= Erica Lippitz =

Erica Jan (Riki) Lippitz and Marla Rosenfeld Barugel were the first two female hazzans (also called cantors) ordained in Conservative Judaism. Their ordination was held in 1987, two years after the first woman was ordained a Conservative rabbi.

Lippitz and Barugel were ordained at the same time by the Cantors Institute of the Jewish Theological Seminary in New York City. After her ordination, Lippitz served for 34 years as cantor of Oheb Shalom in South Orange, New Jersey. She was also the director and co-founder of the Kol Dodi choir, director of Oheb Shalom's adult and children's choirs, and a member of the folk-singing group Beged Kefet, which performs nationally and has made three recordings.
She was a cofounder, with Cantor Perry Fine, of the JTS Cantorial Alumni Association's Shir Joy Choral Festival. In 2005 she sang at Carnegie Hall.

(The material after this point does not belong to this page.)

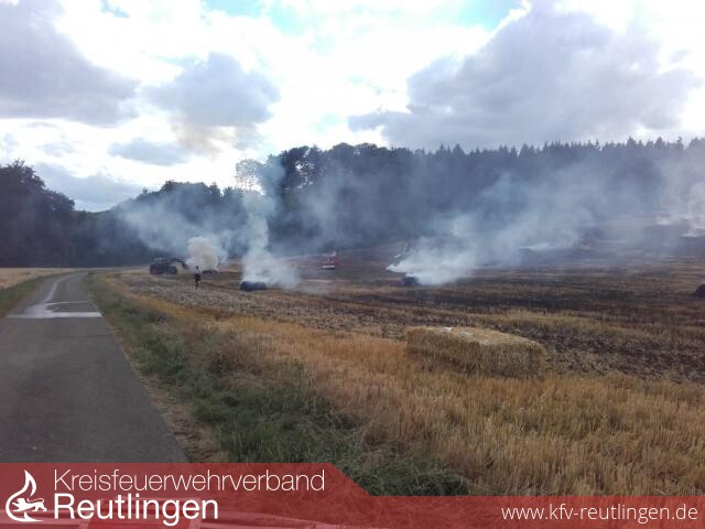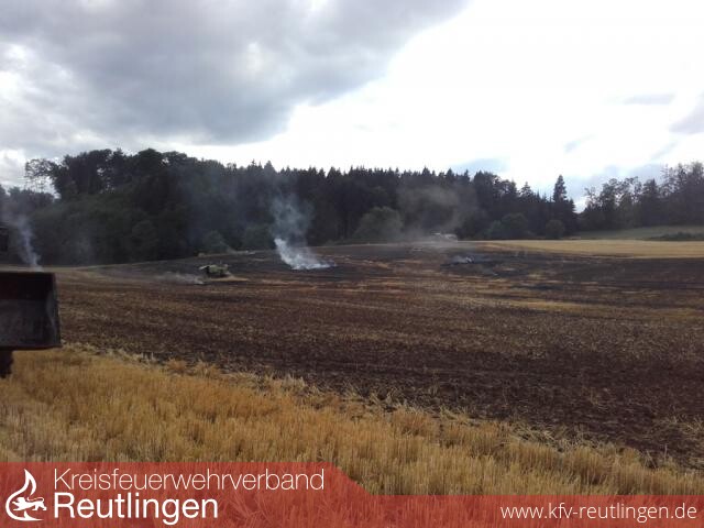 Beim eintreffen des ersten Löschfahrzeuges der Feuerwehr Zwiefalten brannten bereits ca. 3 ha des abgedroschenen Feldes und ca. 30 Großballen (Quaderballen). Schon während der Anfahrt lies der Einsatzleiter aufgrund der starken Rauchentwicklung die Feuerwehren aus Hayingen und Riedlingen mit je einem Tanklöschfahrzeug nachalarmieren.
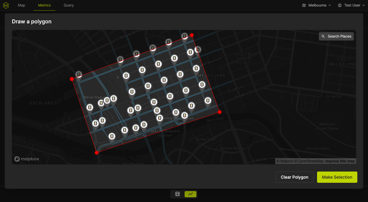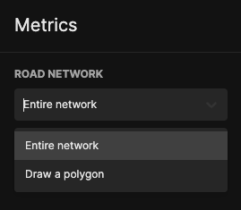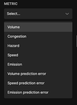 Metrics are statistics about the road network in the selected Region. This can include the average speed, congestion, hazard, or emission of the entire road network or a polygon.

Prior to becoming a cantor, Lippitz earned a B.A. from the University of Michigan, as well as a Masters in Jewish Communal Service from Brandeis University. She had also served as the director of Loyola University Chicago's Hillel. When she entered the Seminary, she did not believe graduating as a Hazzan would be possible. By the time she graduated, she was one of eleven accomplished women in the program, all of whom went on to serve congregations of note.

Cantor Lippitz was recognized numerous times by the Cantors Assembly of the Conservative movement, receiving the Yehudah Mandel Humanitarian Award (2013), the Hazzan Moshe Nathanson Award for Conducting (2018), and the Yuval Award (2018).